I try to be gentle. “I doubt even Elara could fix him now. If he would let her.”

His flesh flares hot beneath my hand and I pull away, remembering myself. He doesn’t react. There’s nothing he can say, and nothing he has to say to me. I know what letting go of Maven Calore looks like.

The passage ahead of us dead-ends at a T-shaped junction, trailing off to the left and right. His rooms to one side, mine to the other. We stare at the wall in silence, neither of us daring to move.

Speaking to him feels like a dream, a painful one. Even so, I don’t want to wake up.

“How long?” I whisper.

He doesn’t look at me. “Davidson will be here in a week’s time. With another week to plan.” His throat bobs. “Not long.”

The last time I set foot in Harbor Bay, we were on the run. But my brother was alive. I wish I could go back to those days, hard as they were.

“I know what Evangeline’s trying to do,” Tiberias says suddenly, his voice thick with too many emotions to place.

I glance sidelong at him. “She’s not exactly subtle about it.”

He doesn’t return the gesture, continuing to stare at the wall in front of us. Never leaning one way or the other. “I wish there were some middle ground.”

A place where our names and our blood and our pasts don’t matter. A place without weight. A place that has never been and will never exist.

“Good night, Tiberias.”

Hissing, he clenches a fist. “I really need you to stop calling me that.”

And I really need you.

I turn and walk toward my room, my footsteps echoing and alone.

 

 

SEVENTEEN


Iris


Archeon will never be my home.

Not because of the location, the size of the city, the lack of shrines and temples, or even my bone-deep, inborn disdain for Nortans. None of those things weigh as much as the emptiness I feel without my family at my side.

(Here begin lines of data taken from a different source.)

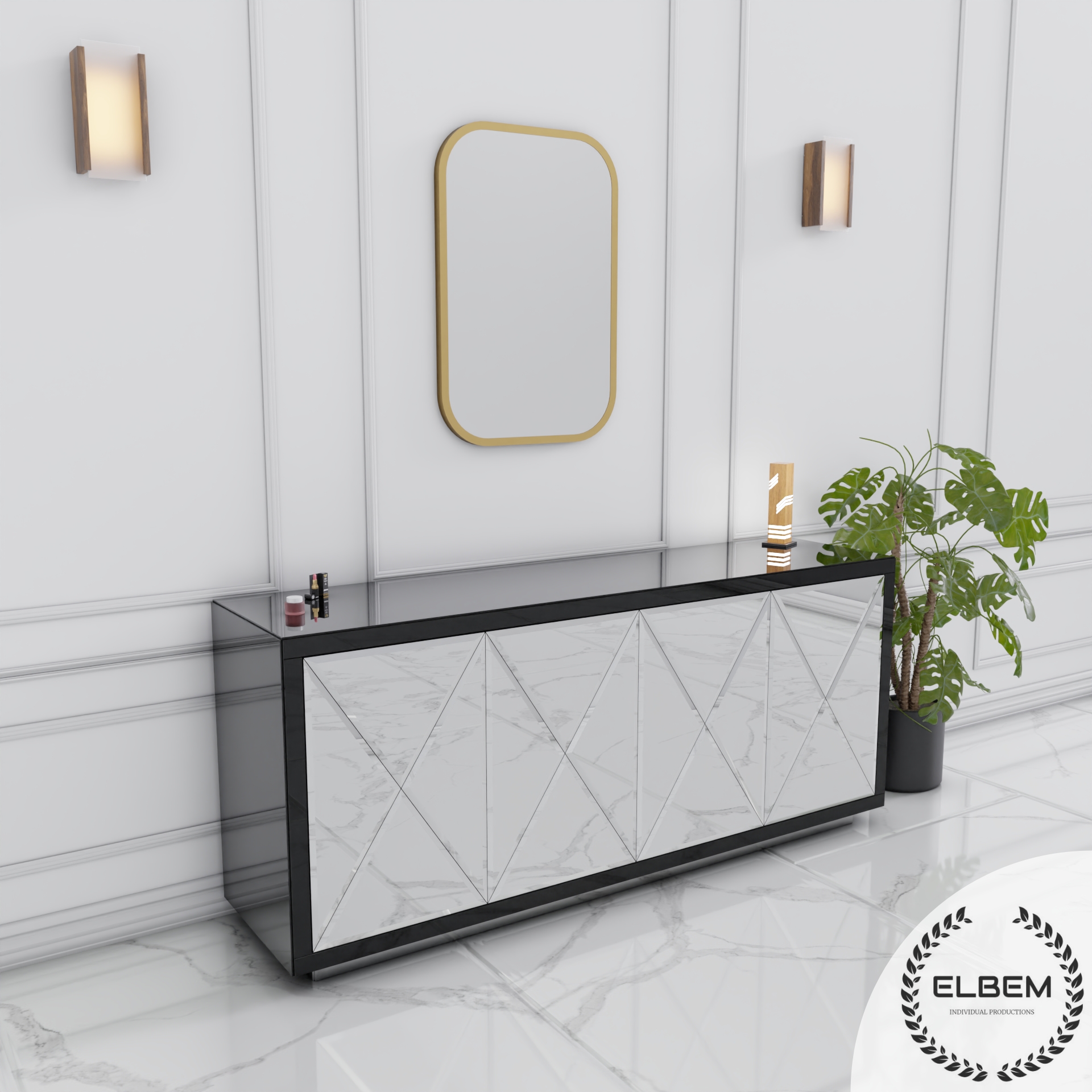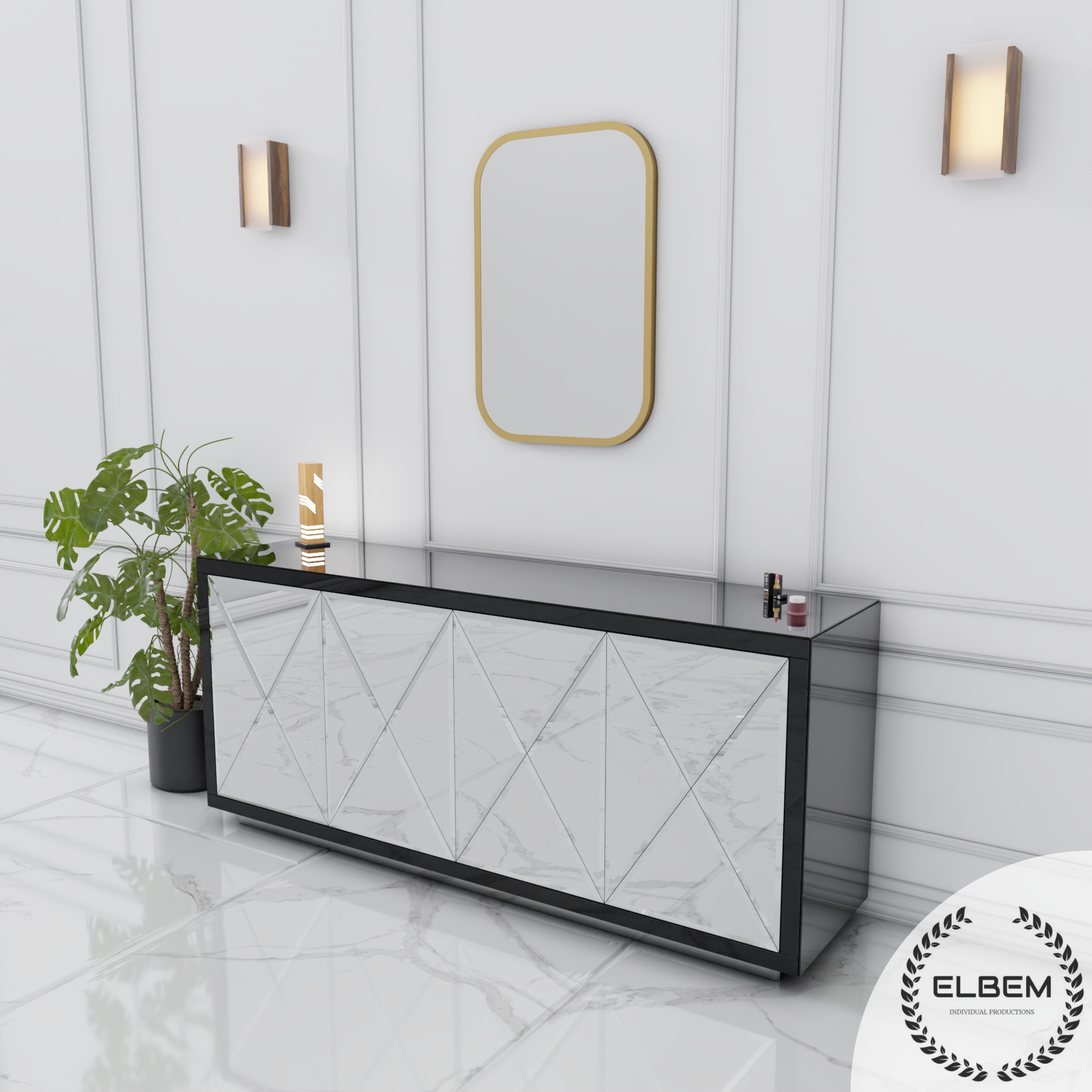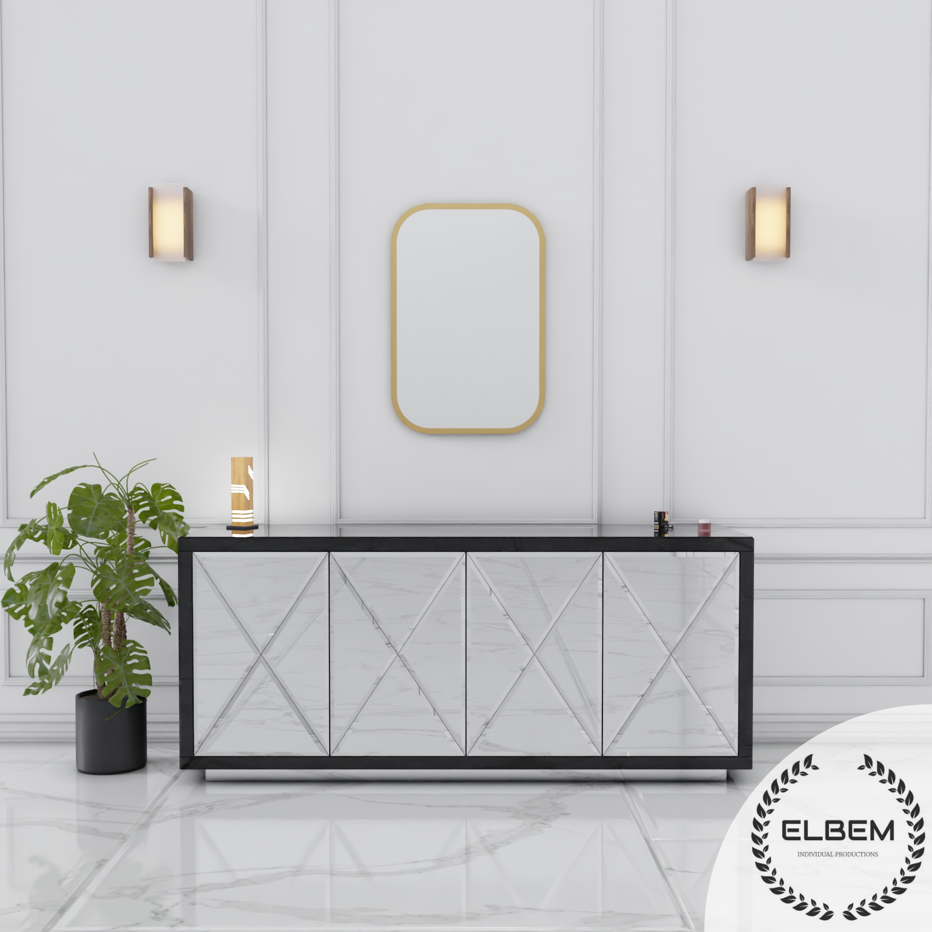 Szklana czarna komoda w stylu Glamour z lustrzanymi drzwiczkami w kształcie IKSÓW to wyjątkowy mebel, który przyciąga uwagę swoim designerskim wyglądem i luksusowym charakterem.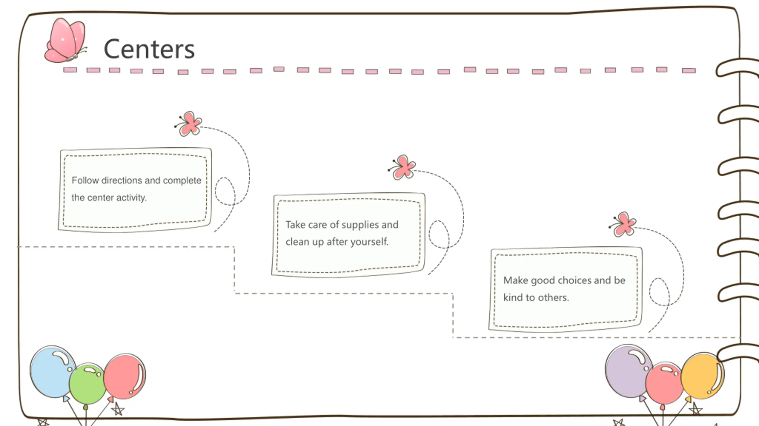 Centers Follow directions and complete the center activity. Take care of supplies and clean up after yourself. Make good choices and be kind to others.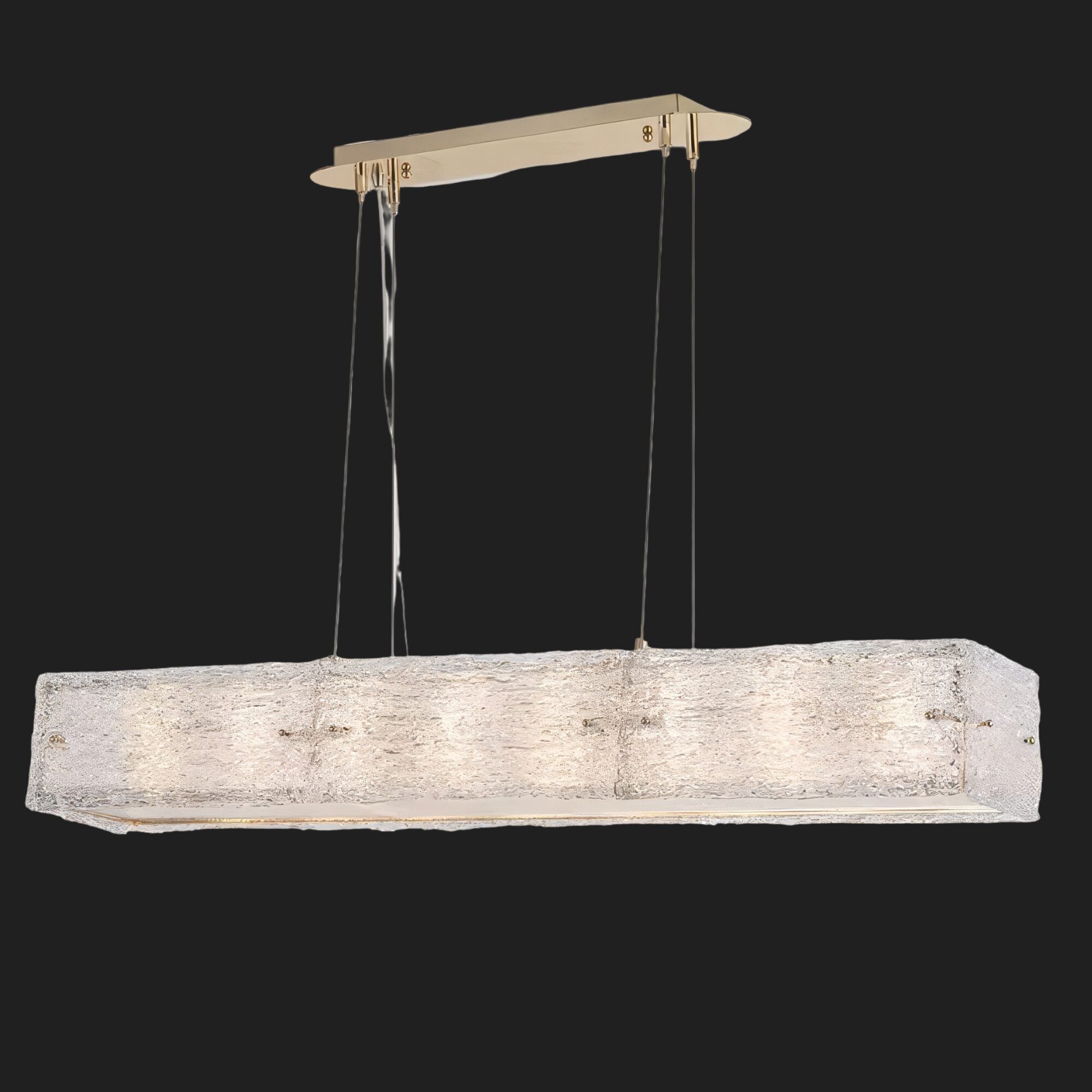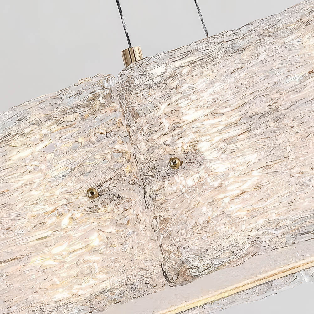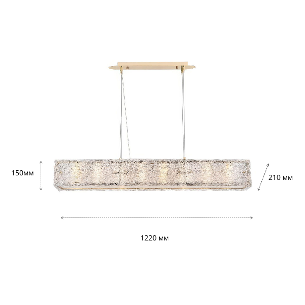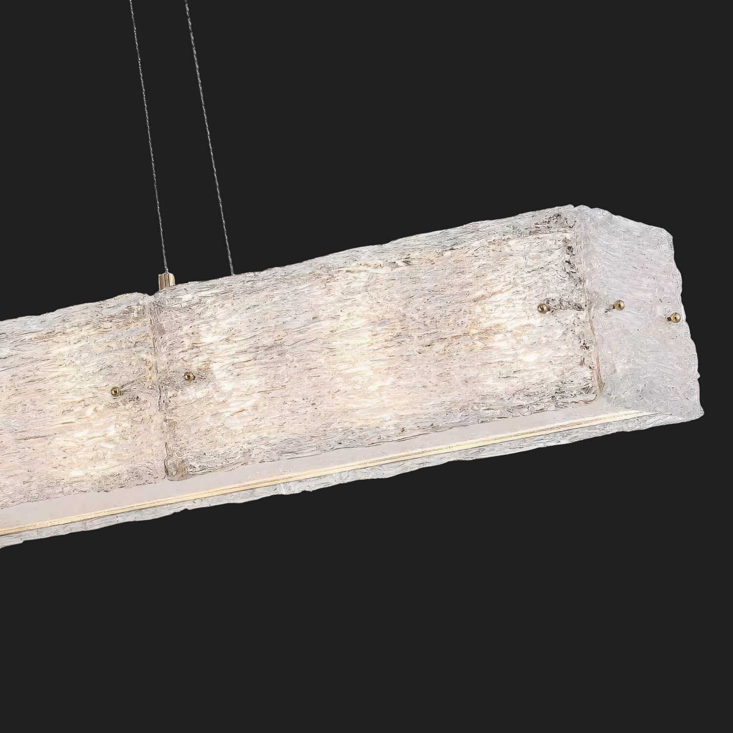 Каркас выполнен из металла с глянцевой платиновой отделкой, подвесы – тонкие и почти невидимые, поддерживают конструкцию в воздухе. Декоративный контур сформирован из массивных сегментов ручного стекла с выразительной фактурой – каждый элемент уникален, с неровными полосами и наплывами, будто следами застывающего потока. Нижняя часть закрыта матовым рассеивателем, мягко распределяющим свет по всему объёму.

It is a hole I try to fill with training, prayer, and my other queenly duties, boring as some of them might be. But all are necessary. The most important is to stay in fighting shape. It would be easy to soften in my apartments of silk and velvet, waited on by Red servants tripping over themselves to bring me anything I want. It was the same in the Lakelands, but I never wanted to find solace in food and alcohol the way I do here. My training sessions also set a good balance, so I don’t fall into the trap so many royals and nobles find themselves in. A trap Maven baits well. Many of the lords and ladies still supporting his reign seem more preoccupied with his parties and feasts than they are with the wolves at the door. Idiots.

Prayer is more difficult to come by in this godless country. There are no temples in Archeon that I know of, and the shrine I demanded be built for me here is small, a glorified closet tucked away in my apartments. Not that I need much space to commune with my nameless gods. But in the heat of high summer, the little room crowded with worn faces is hardly comfortable—even with my abilities circulating cool moisture through the air. I try to pray elsewhere, or at least feel my gods as the days pass, but it grows more difficult the longer I’m away from home. If I can’t hear them, can they hear me?

Am I infinitely alone?

I suppose that is easier. I want no connection to Norta. Nothing to tie me to this place when Maven’s brother overthrows him, unless my mother does it first.